Northern Prairie Wildlife Research Center
We examined the soil samples in two ways. First, we visually examined one duplicate of the three wetland and the three upland soil samples from each wetland for recalcitrant remains of invertebrates under a low-magnification dissecting scope after concentrating remains by sieving through a 0.5-mm-mesh screen. Second, we incubated the remaining soil samples in 37.9-L aquaria under standardized light (12-hour day length), specific conductance (700 ÁS cm-1), and temperature regimes (four weeks at 8°C followed by four weeks at 22°C). In order to promote the emergence of the maximum number of taxa, we used the above dual temperature regime meant to simulate temperatures of wetlands following early spring snowmelt and after major summer precipitation events. At the end of the first 4-week incubation, we siphoned the contents of each aquarium through a 0.5-mm-mesh screen and returned the sieved water to its original aquarium for a second incubation at the alternate temperature. Invertebrates retained by the 0.5-mm-mesh screen during each 4-week incubation were combined and processed as a single sample. Invertebrates were sorted into taxonomic groupings according to Pennak (1989) and enumerated from both the visually examined field samples and our incubated aquarium samples, hereafter termed field and incubated samples, respectively.
To facilitate use by those not very familiar with invertebrate identification, we also did an analysis with a simplified taxonomy. For this purpose, we combined into single groupings all planorbid snail shells, lymnaid snail shells, physid snail shells, cladoceran resting eggs (ephippia), ostracod shells, and trichopteran cases for the visually examined field samples, as well as all Cladocera, Copepoda, Ostracoda, Anostraca, and Conchostraca individuals for the incubated samples.
Data from the three transects were summed to provide a single value for each wetland and another for the adjacent upland. We computed means and standard errors of number of taxa and LogCount, unweighted and weighted by wetland-obligate status, for field and incubated samples, within location (upland, wetland), and by wetland class (seasonal, temporary). We tested for differences between upland and wetland sites and between wetland classes with a randomized-incomplete block analysis of variance using PROC MIXED (SAS Institute 1997), where habitat type (upland, temporary wetland, seasonal wetland) was the explanatory variable and sites were blocks. The response variables were number of taxa and LogCount; the explanatory variable was habitat type (upland, temporary wetland, seasonal wetland). We also computed least-squares means for each response variable by habitat type (SAS Institute 1997); separation among habitat types was performed using Fisher's protected LSD procedure following significant F-tests in ANOVAs (Milliken and Johnson 1984). This procedure was performed for both field and incubated samples and for complete and simplified taxonomies.
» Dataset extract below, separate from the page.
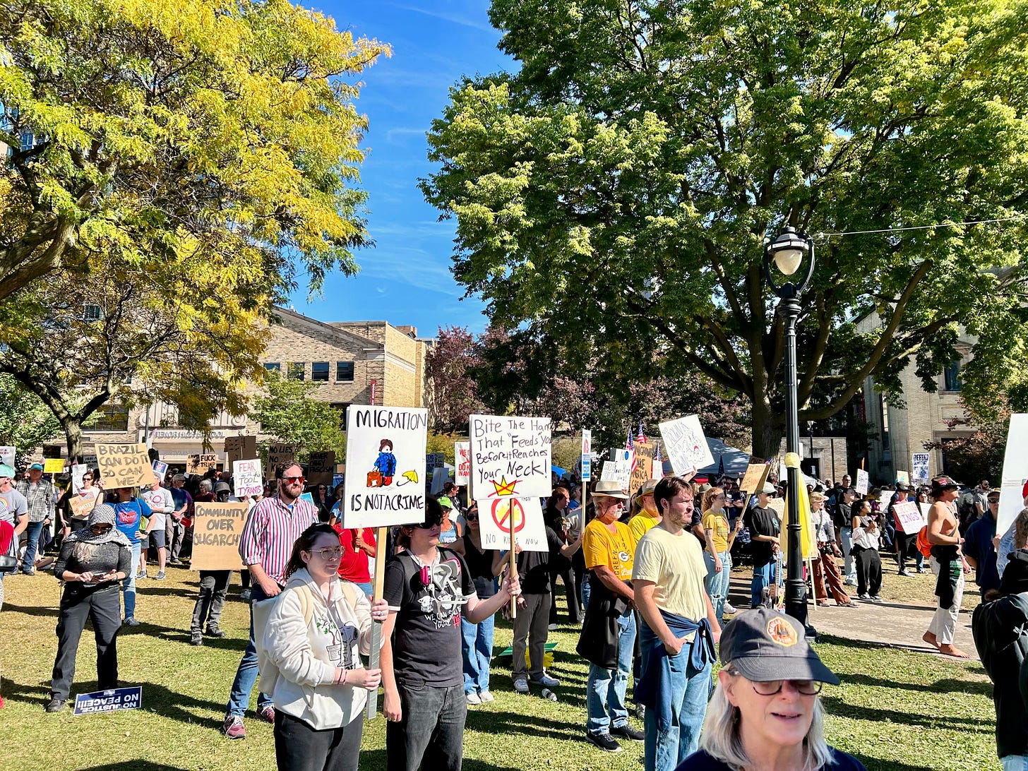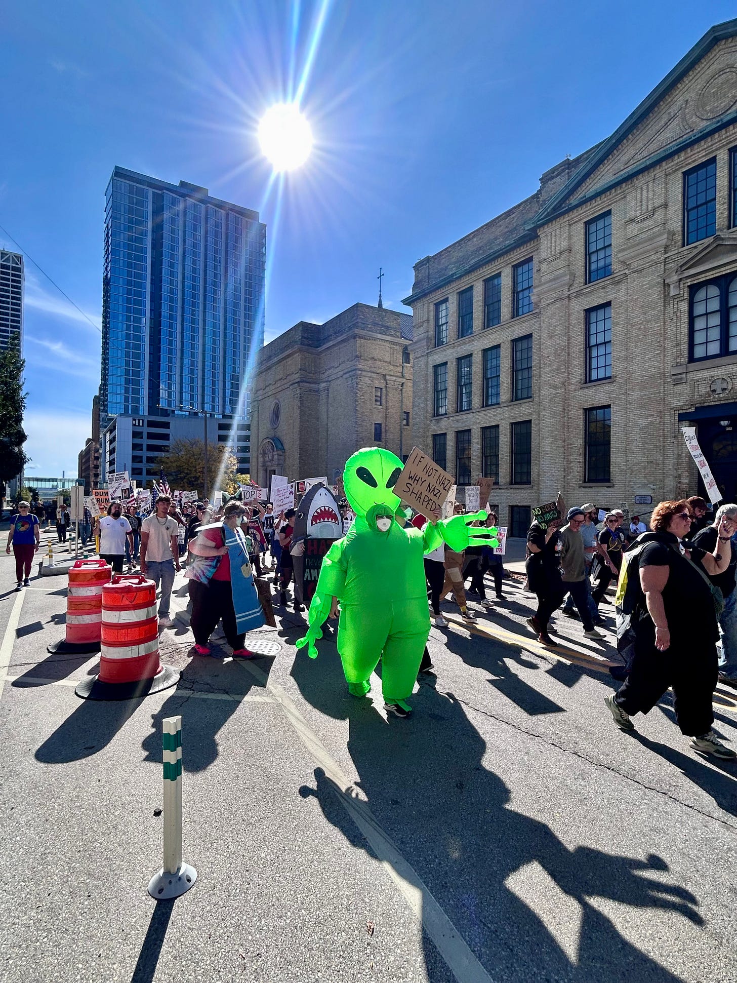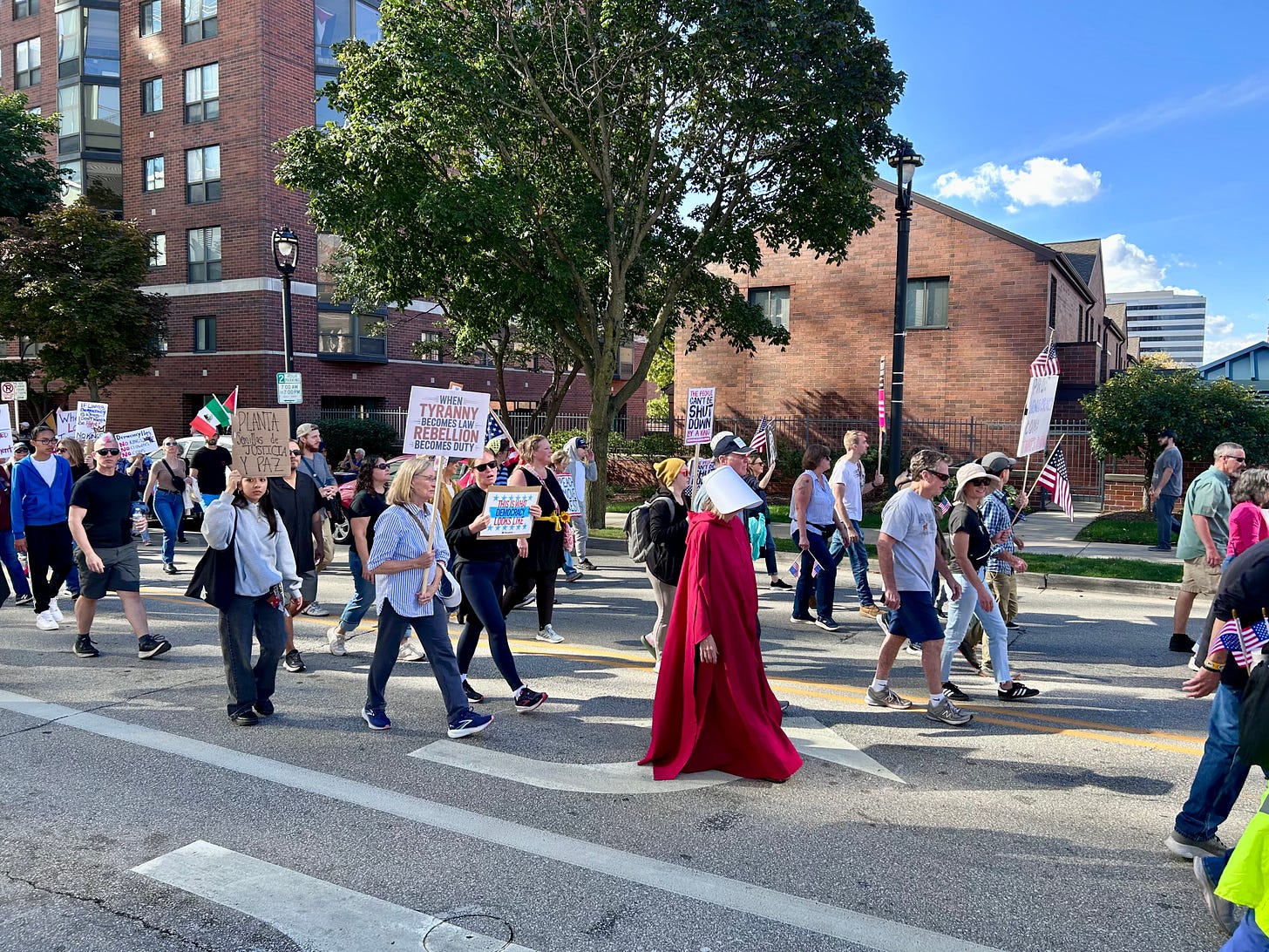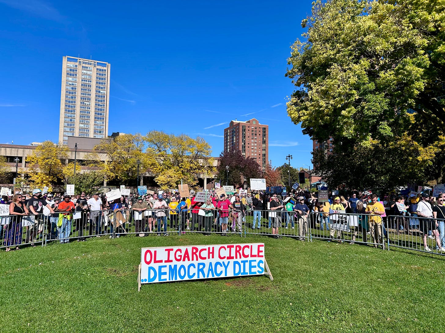 Thousands gathered peacefully at Cathedral Square Park, where a series of speakers (including Recombobulation Area contributor Angela Lang!) spoke at the park. Earl Ingram, host of the “What’s Going On with Earl Ingram” podcast on Civic Media, emceed and spoke at the event. Maggie Daun, host of “The Maggie Daun Show” on Civic Media, also spoke at the protest. You can watch the livestream from that here on the No Kings Milwaukee YouTube Channel.

To classify wetland sites, we found a straight line in the Taxon RichnessLogCount plane (i.e., a two dimensional, flat surface) that best distinguished upland from wetland sites on the basis of those two variables (Figure 1). This was done through an iterative trial-and-error procedure by successively calculating lines and then determining the number of misclassified sites: the number of wetland sites below that line plus the number of upland sites above the line. A line that produced the minimum number of misclassifications was selected. This was done separately for the field and incubated samples. We chose this method because of its simplicity and the fact that the data did not meet assumptions of other straightforward classification methods, such as linear discriminant function analysis.